LISTED RECORDS:

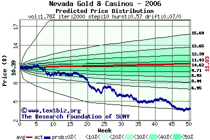 The high to date and low to date prices of the stock plotted against a random walk model for 2006 (what's this?).
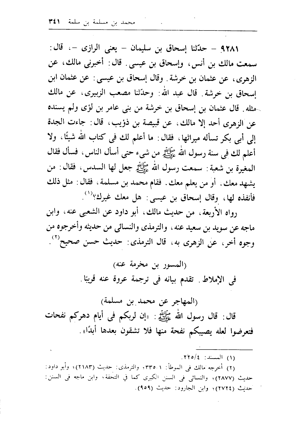 (¬2) أخرجه مالك في الموطأ، 1/335؛ والترمذي: حديث (2183) ؛ وأبو داود: حديث (2877) ؛ والنسائي في السنن الكبرى كما في التحفة؛ وابن ماجة في السنن: حديث (2724) ؛ وابن الجارود: حديث (959) .
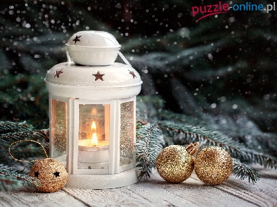 Bombki, Świerkowe, Boże Narodzenie, Lampion, Złote, Biały, Gałązki
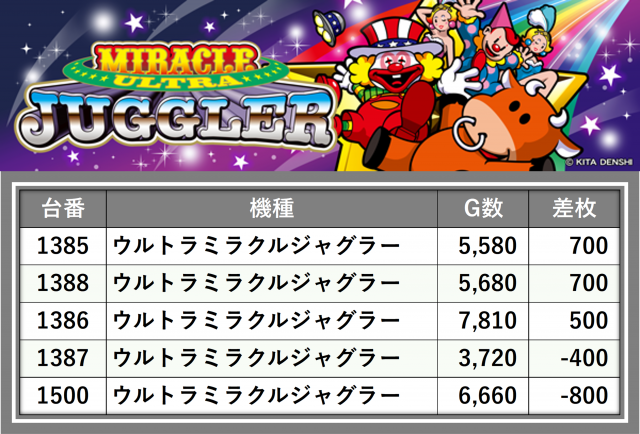 厳選された取材対象機種をはじめ、その他スロット全体から好記録が飛び出した!プレイヤーが楽しんだ1日を下記データにて振り返ってみて欲しい。
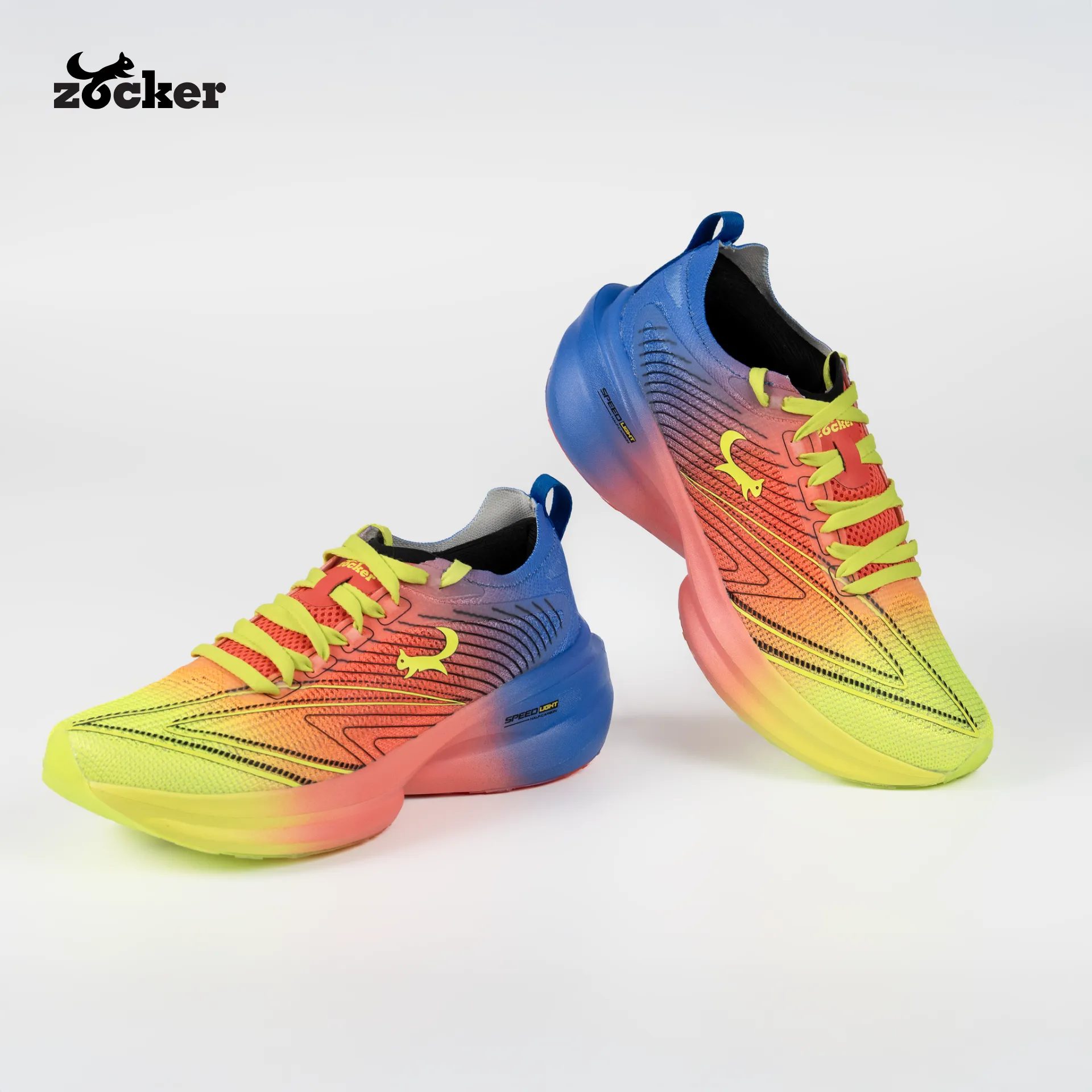 Engineered for speed-focused runners and professional training, this high-performance running shoe features a lightweight Flyknit upper for breathable, sock-like fit, a Light Rebound midsole for efficient energy return over long distances, and a full-length carbon plate to enhance propulsion, torsional stability, and running efficiency, paired with a durable GCU rubber outsole for reliable traction on dry and wet road surfaces; designed in a modern Blue/Orange colorway with sizes 36–45, this model is positioned as a premium Vietnam-based branded product suitable for international sourcing, retail programs, and performance footwear distribution.

EXERCISE DESCRIPTION: Pictures are to be left out, and each line from the one that contains "Bombki, Świerkowe, Boże" through the end of the listing is to be copied exactly.

TASK RESPONSE:
 Bombki, Świerkowe, Boże Narodzenie, Lampion, Złote, Biały, Gałązki
 厳選された取材対象機種をはじめ、その他スロット全体から好記録が飛び出した!プレイヤーが楽しんだ1日を下記データにて振り返ってみて欲しい。
 Engineered for speed-focused runners and professional training, this high-performance running shoe features a lightweight Flyknit upper for breathable, sock-like fit, a Light Rebound midsole for efficient energy return over long distances, and a full-length carbon plate to enhance propulsion, torsional stability, and running efficiency, paired with a durable GCU rubber outsole for reliable traction on dry and wet road surfaces; designed in a modern Blue/Orange colorway with sizes 36–45, this model is positioned as a premium Vietnam-based branded product suitable for international sourcing, retail programs, and performance footwear distribution.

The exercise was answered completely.